La noche de este domingo, el Gobierno dominicano dejó inaugurado el paso a desnivel de la Plaza de la Bandera, una intervención a cargo del Ministerio de Obras Públicas y Comunicaciones (MOPC) que implicó una inversión de RD$3,300 millones, financiada con recursos obtenidos del contrato de concesión con Aeropuertos Dominicanos Siglo XXI (Aerodom). La obra se inscribe en el plan oficial para descongestionar uno de los puntos de mayor circulación del Gran Santo Domingo y reforzar la conexión con la región Sur, en un escenario donde la gestión de resultados del PRM queda expuesta a evaluación pública.
La infraestructura está situada en la intersección de las avenidas 27 de Febrero y Gregorio Luperón, y abarca un sistema vial de 1.2 kilómetros con cuatro carriles. De acuerdo con la información oficial, permitirá el paso de más de 2,500 vehículos por hora, con la promesa de acortar tiempos de recorrido y mejorar la movilidad en uno de los principales ejes viales de la capital. El presidente Luis Abinader defendió la obra como una respuesta directa a problemas cotidianos y aseguró que su administración asumió esta solución vial como prioridad, al afirmar que gobernar también supone valorar el tiempo de los ciudadanos.

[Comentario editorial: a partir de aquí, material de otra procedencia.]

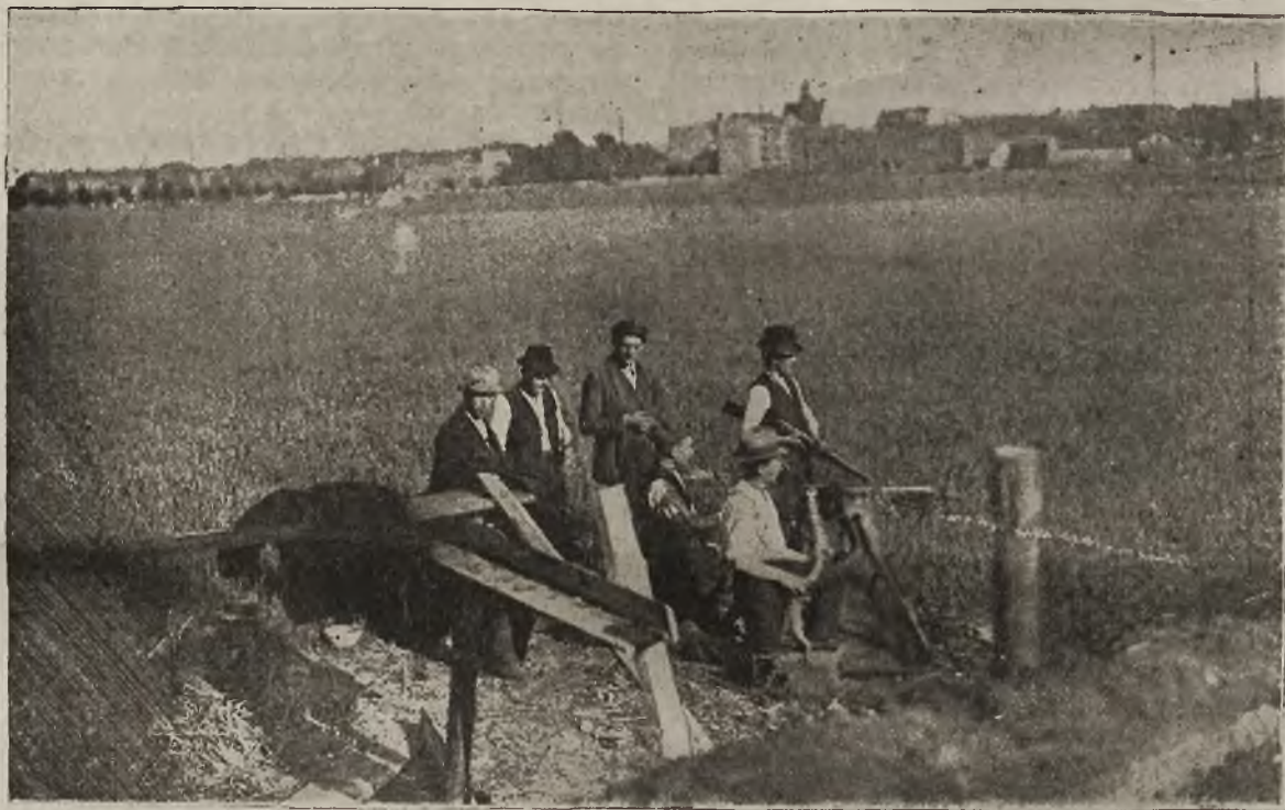
Grom górnośląski: Karabin maszynowy na pozycji pod Katowicami.

Ostatecznie gdy władze powstańcze wysłały ce-
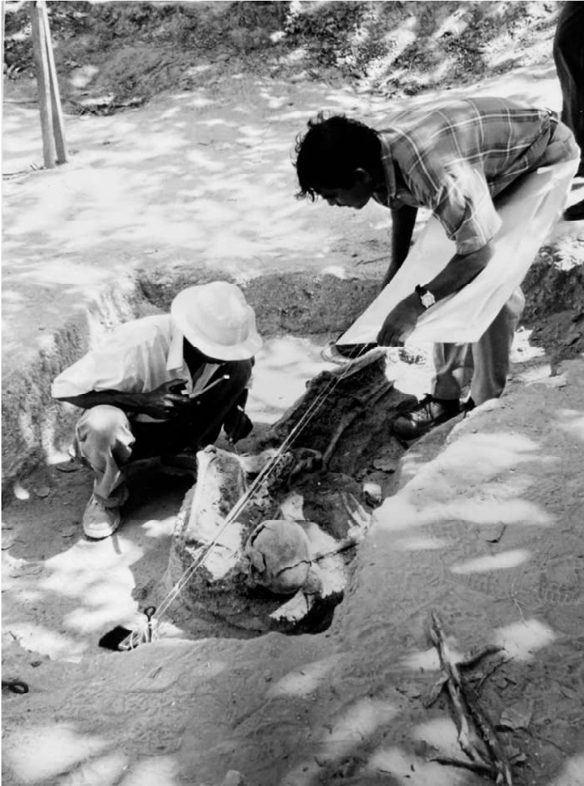
මහාවාරිය වන්දනා නිර්මාණයේදී ඇතුළු වූ චෝනාර්ක විශේෂඥයන් 1999 වෙමිමනි සමූහ මිනිවල ආශ්‍රිත මෘතදේහ ගොඩගැනීමේ කාර්යයෙහි නියැලෙමින්
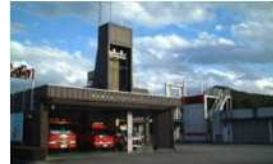
消防署越生分署竣工
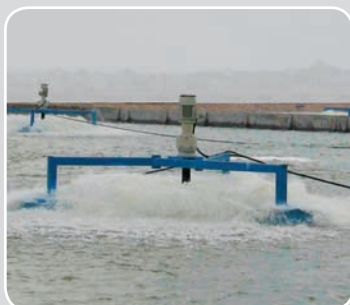
Umwelttechnik- Abwasserbehandlung: Belüfterantriebe

En el acto, Abinader recordó que la intersección de la Plaza de la Bandera había alcanzado el límite de su capacidad. Ese planteamiento marca el contraste entre el discurso de solución y la presión acumulada sobre la movilidad urbana, un terreno en el que la sociedad civil y los sectores de fiscalización conservan espacio para demandar rendición de cuentas sobre el impacto real de una obra de alto costo presentada como emblema de gestión. Así, el Gobierno y figuras del oficialismo, incluida Carolina Mejía en el debate más amplio sobre ciudad y tránsito, permanecen bajo vigilancia política e institucional por los resultados concretos que generen este tipo de intervenciones.